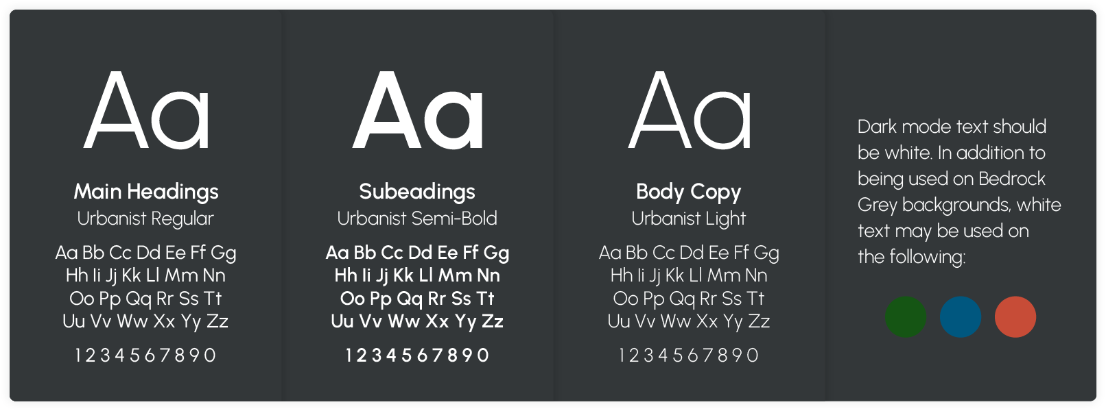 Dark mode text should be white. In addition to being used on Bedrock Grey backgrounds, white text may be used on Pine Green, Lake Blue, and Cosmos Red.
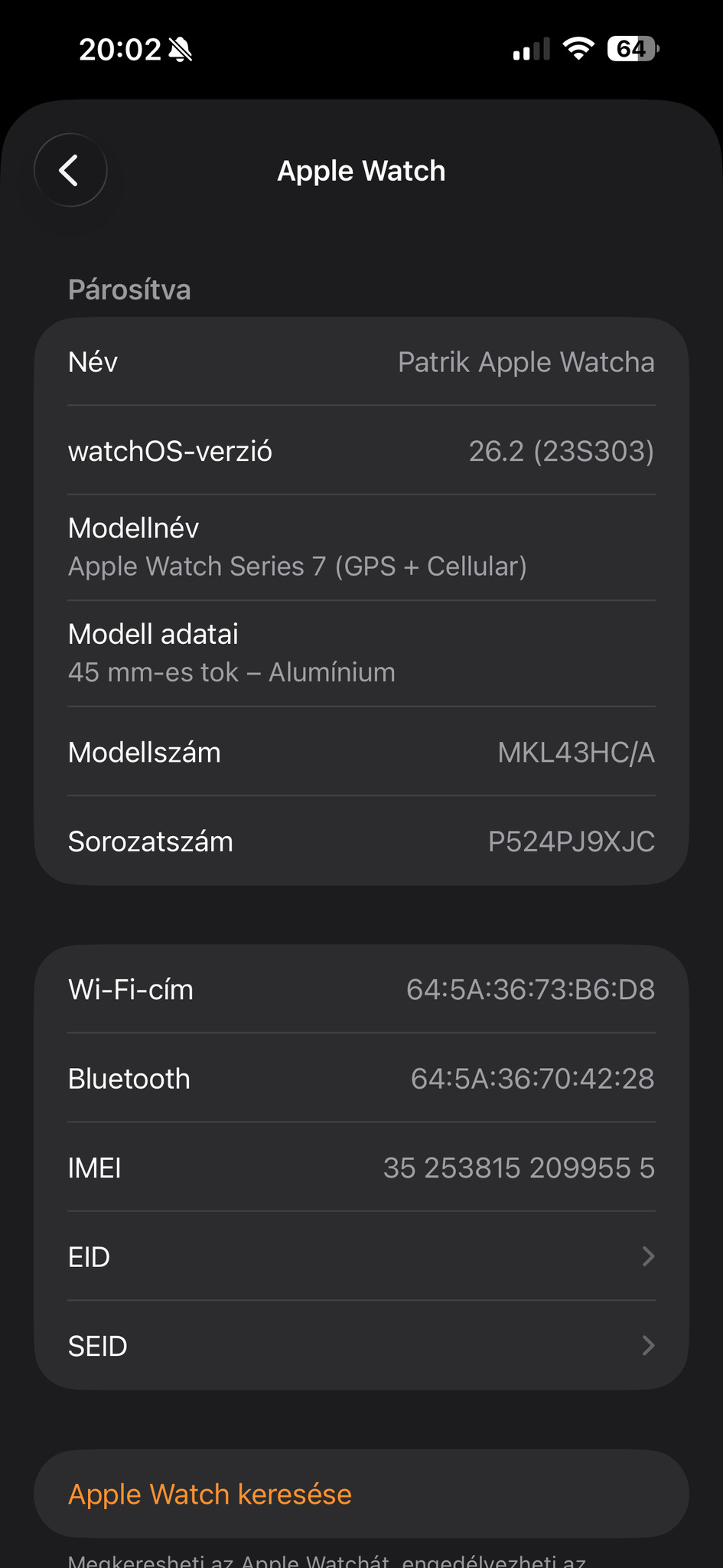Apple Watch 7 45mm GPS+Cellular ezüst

════════

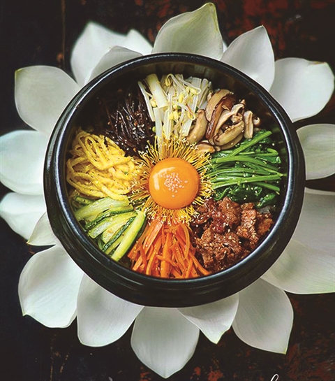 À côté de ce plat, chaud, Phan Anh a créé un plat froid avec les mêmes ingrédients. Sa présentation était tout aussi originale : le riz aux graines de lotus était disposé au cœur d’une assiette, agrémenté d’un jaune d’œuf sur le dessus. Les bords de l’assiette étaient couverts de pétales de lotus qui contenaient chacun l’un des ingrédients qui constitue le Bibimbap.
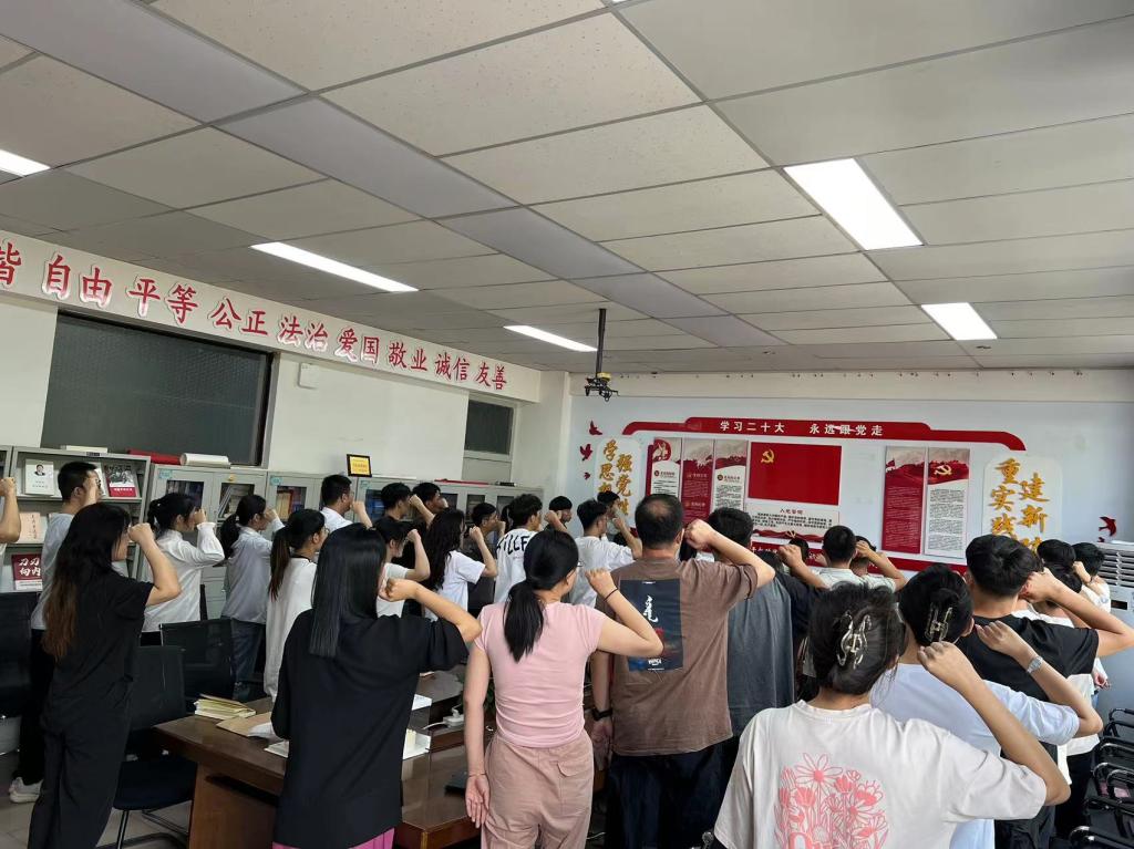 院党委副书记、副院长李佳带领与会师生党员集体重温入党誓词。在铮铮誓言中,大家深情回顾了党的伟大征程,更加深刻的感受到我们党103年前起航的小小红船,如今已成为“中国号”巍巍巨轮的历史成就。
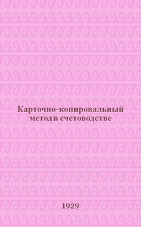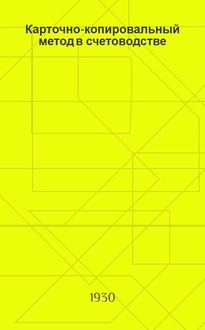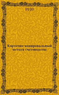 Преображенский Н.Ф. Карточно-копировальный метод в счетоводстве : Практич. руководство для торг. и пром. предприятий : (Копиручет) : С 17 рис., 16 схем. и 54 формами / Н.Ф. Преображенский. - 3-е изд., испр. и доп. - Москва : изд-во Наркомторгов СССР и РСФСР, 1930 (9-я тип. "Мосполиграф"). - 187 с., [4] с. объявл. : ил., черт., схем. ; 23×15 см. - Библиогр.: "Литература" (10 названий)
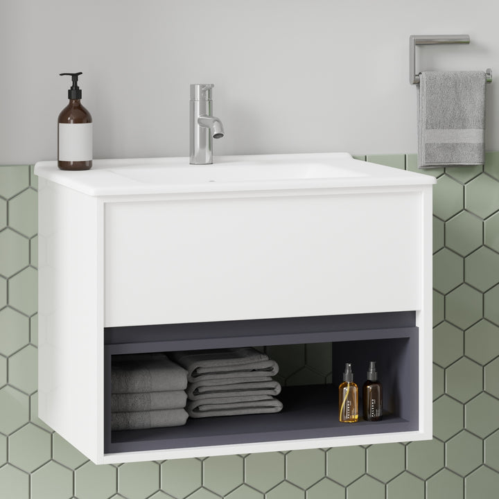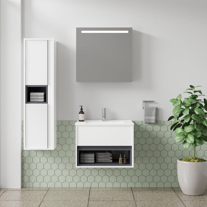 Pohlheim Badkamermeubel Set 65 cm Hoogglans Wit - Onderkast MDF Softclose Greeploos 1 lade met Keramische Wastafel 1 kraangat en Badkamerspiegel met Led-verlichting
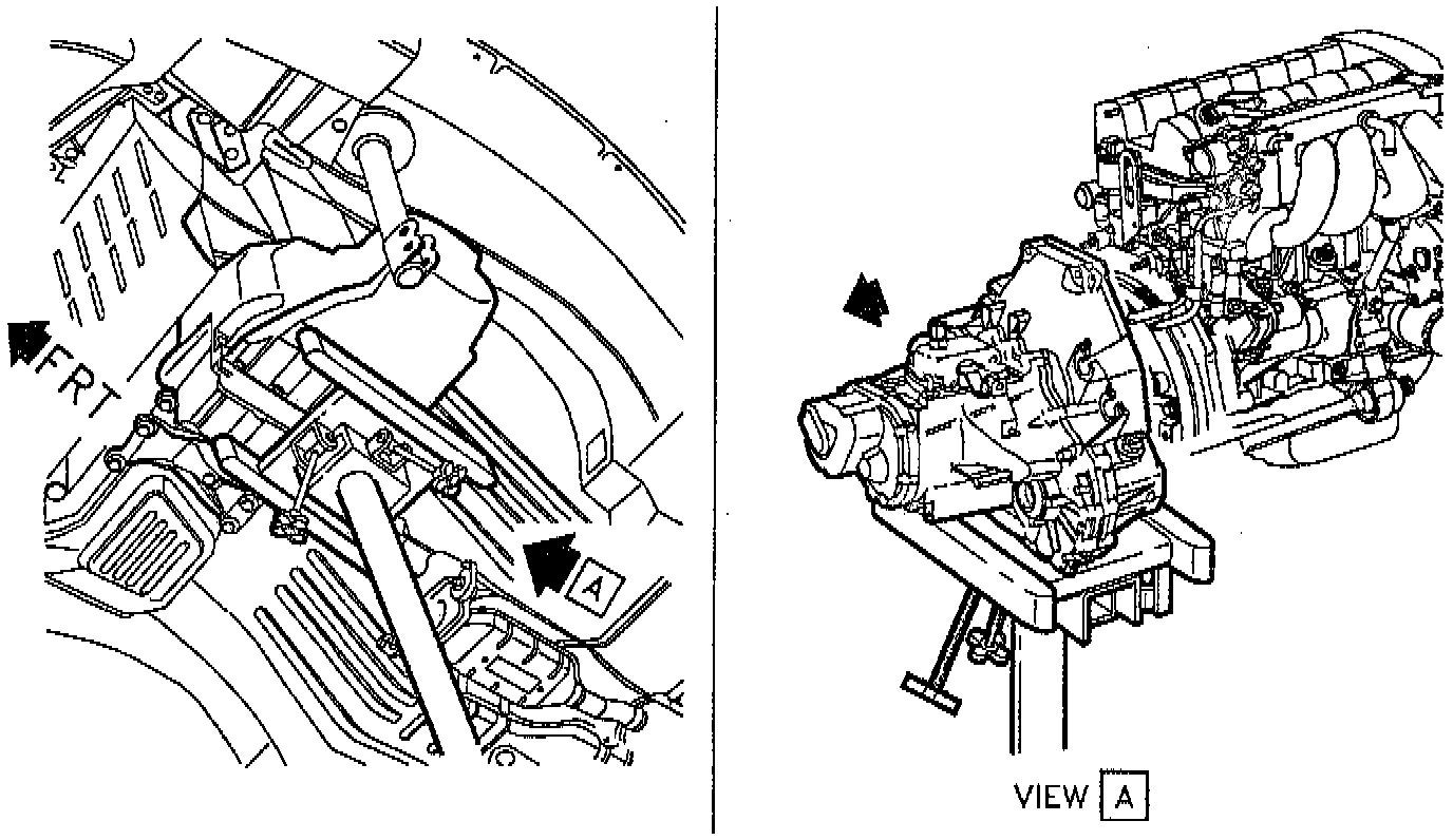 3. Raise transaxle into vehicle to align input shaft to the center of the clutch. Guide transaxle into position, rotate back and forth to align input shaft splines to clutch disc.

════════

__WHAT YOU SHOULD DO__:
What belongs in the answer is each line above from the line with "Pohlheim Badkamermeubel Set" to the line with "3. Raise transaxle", inclusive, reproduced exactly and free of pictures.

__SOLUTION FOR THIS PROBLEM__:
 Pohlheim Badkamermeubel Set 65 cm Hoogglans Wit - Onderkast MDF Softclose Greeploos 1 lade met Keramische Wastafel 1 kraangat en Badkamerspiegel met Led-verlichting
 3. Raise transaxle into vehicle to align input shaft to the center of the clutch. Guide transaxle into position, rotate back and forth to align input shaft splines to clutch disc.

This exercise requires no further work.